▸ Prompt
Excluding all pictures, please output the listing exactly.

>>>>

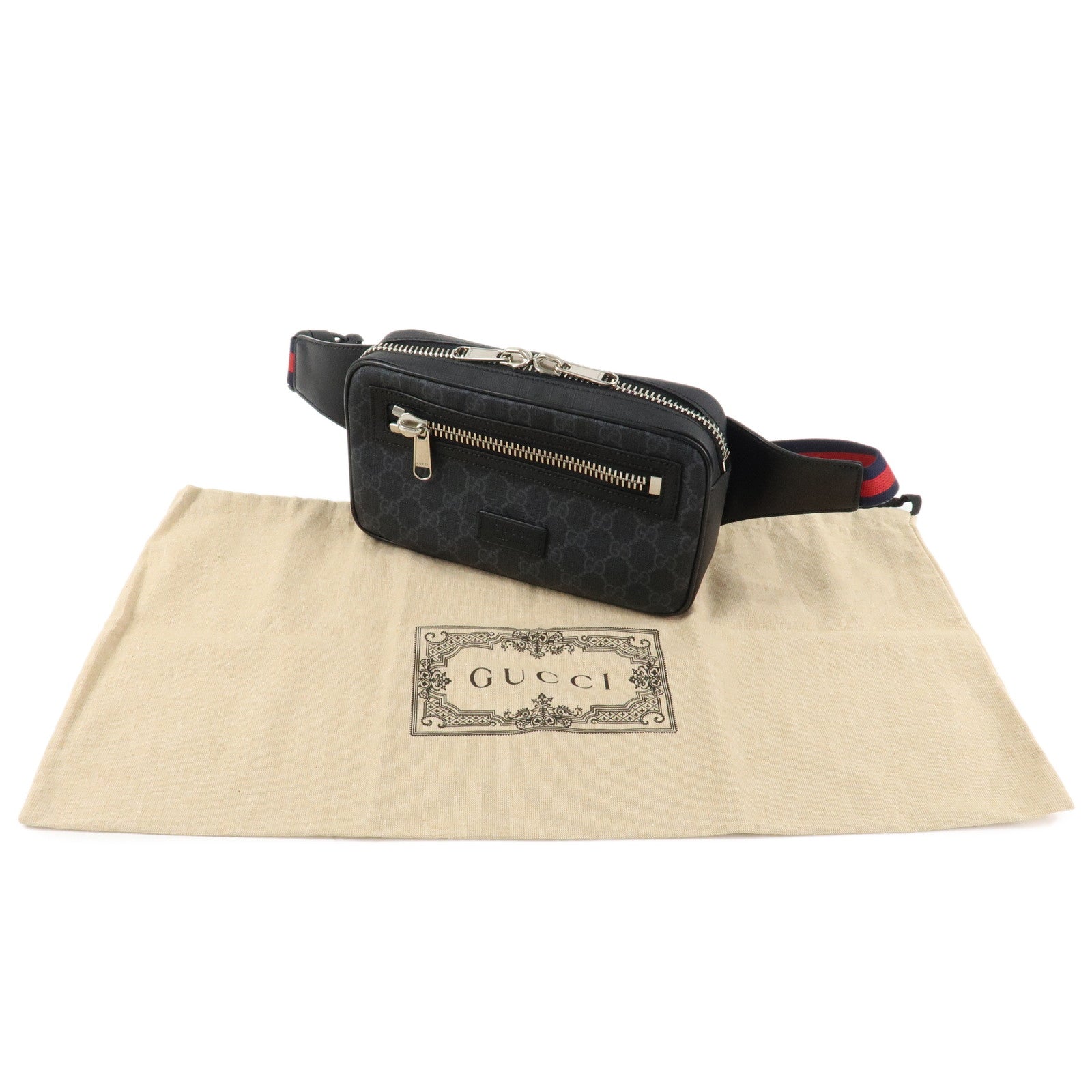 GUCCI GG Supreme Leather Waist Bag Crossbody Bag Black 474293 Used
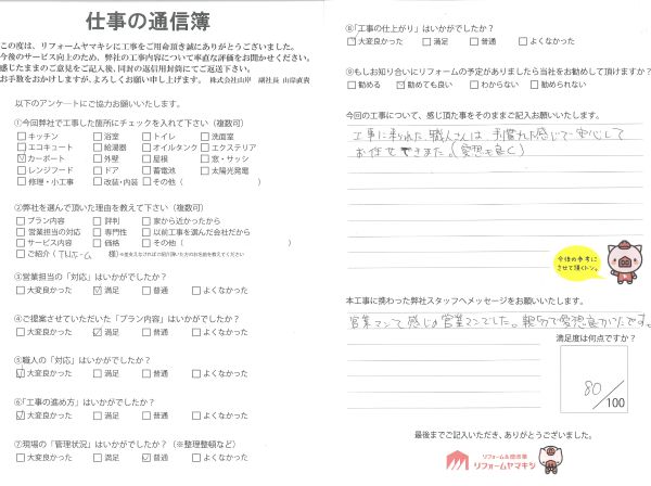 雪や雨の日の不便さを考えて、カーポート設置の相談に来られました。早めに工事出来て良かったです。
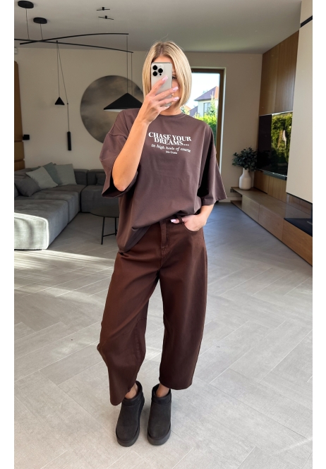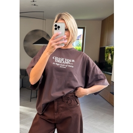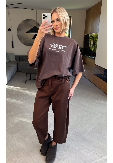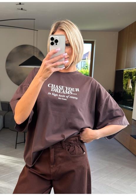 Brązowa koszulka z napisem "CHASE YOUR DREAMS... in high heels of course" to idealny wybór dla kobiet, które kochają styl i pewność siebie.
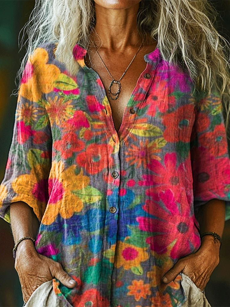 Women's Vintage Bohemian Floral Art Print Casual Cotton Linen Shirt
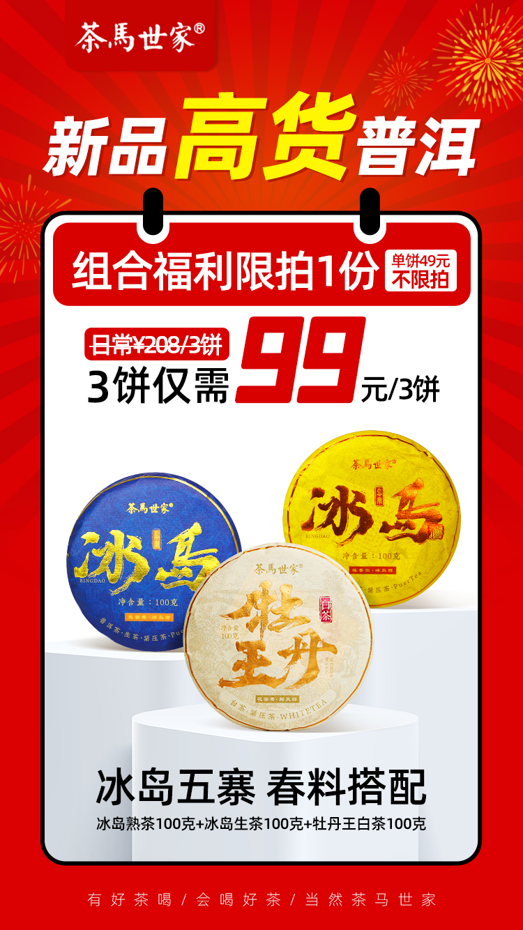 云南冰岛五寨古树春料拼配丨生普+熟普+牡丹王300g
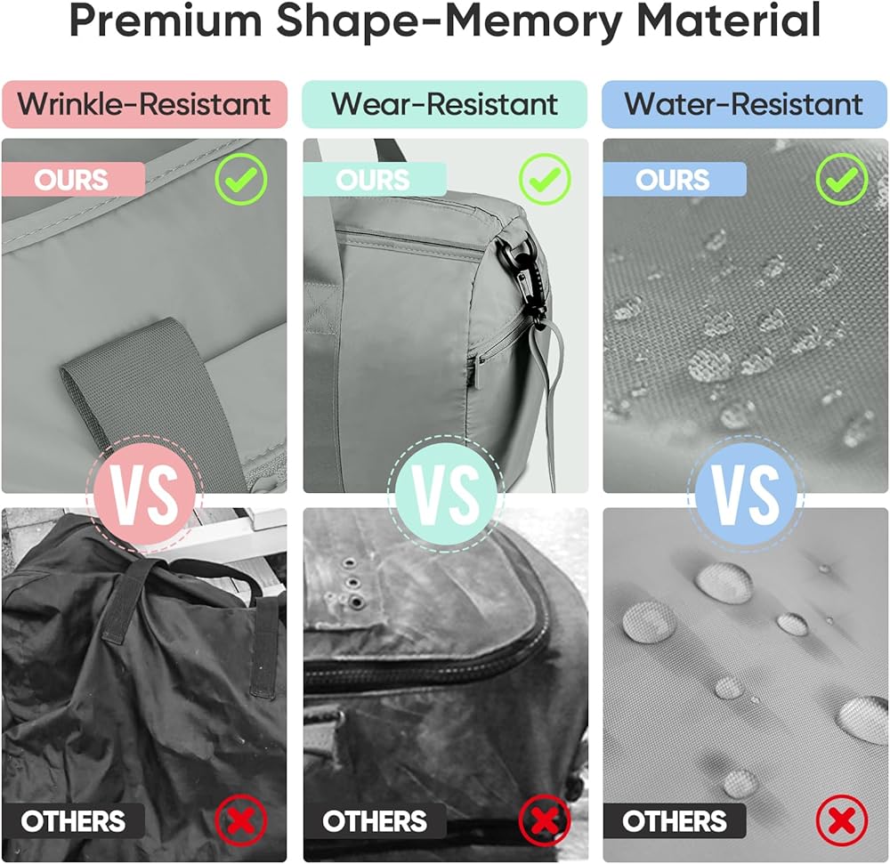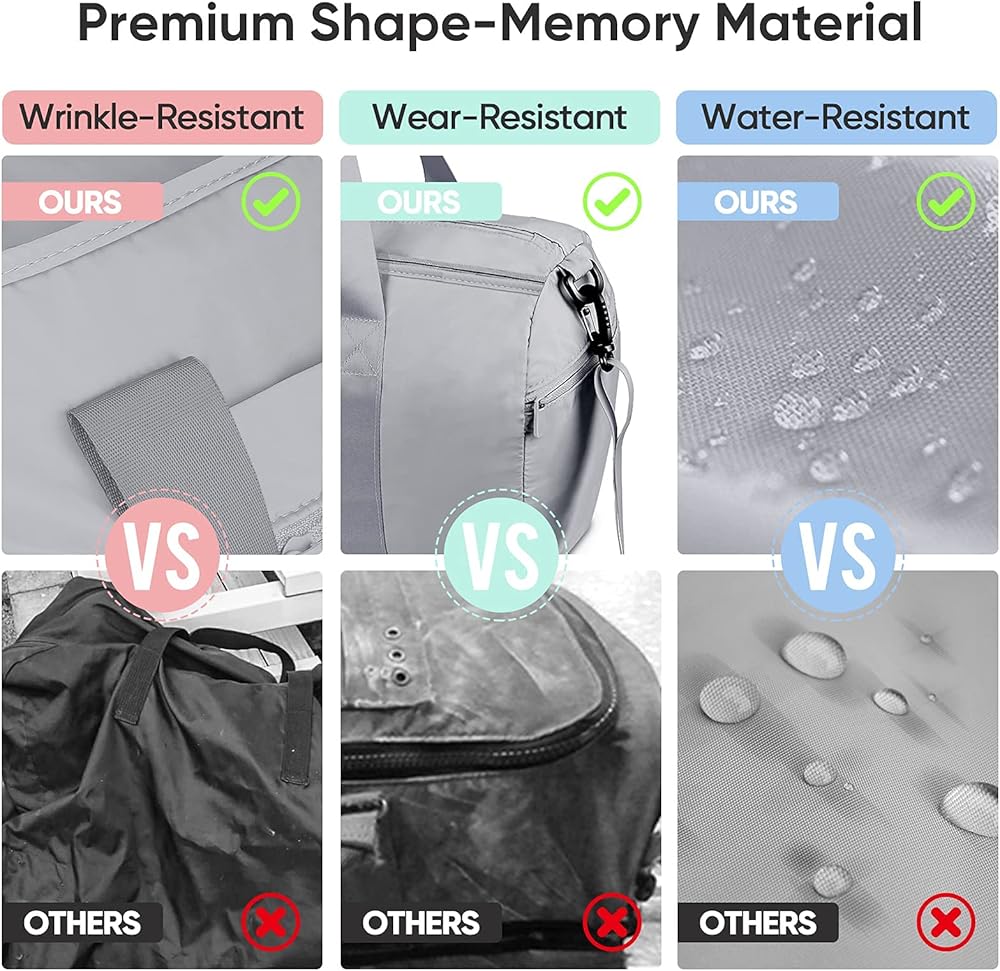 [LIGHTWEIGHT & WATER PROOF DUFFLE BAG] Our duffle bags are made with 294T Twill Fabric. They are soft, washable, waterproof, wrinkle-free, and wear-resistant. Waterproof exterior keeps your clothes and items dry; it can be used both indoor and outdoor. Duffelbag with handles, and removable shoulder strap with adjustable buckle.

<<<<

▸ Finished task
 GUCCI GG Supreme Leather Waist Bag Crossbody Bag Black 474293 Used
 雪や雨の日の不便さを考えて、カーポート設置の相談に来られました。早めに工事出来て良かったです。
 Brązowa koszulka z napisem "CHASE YOUR DREAMS... in high heels of course" to idealny wybór dla kobiet, które kochają styl i pewność siebie.
 Women's Vintage Bohemian Floral Art Print Casual Cotton Linen Shirt
 云南冰岛五寨古树春料拼配丨生普+熟普+牡丹王300g
 [LIGHTWEIGHT & WATER PROOF DUFFLE BAG] Our duffle bags are made with 294T Twill Fabric. They are soft, washable, waterproof, wrinkle-free, and wear-resistant. Waterproof exterior keeps your clothes and items dry; it can be used both indoor and outdoor. Duffelbag with handles, and removable shoulder strap with adjustable buckle.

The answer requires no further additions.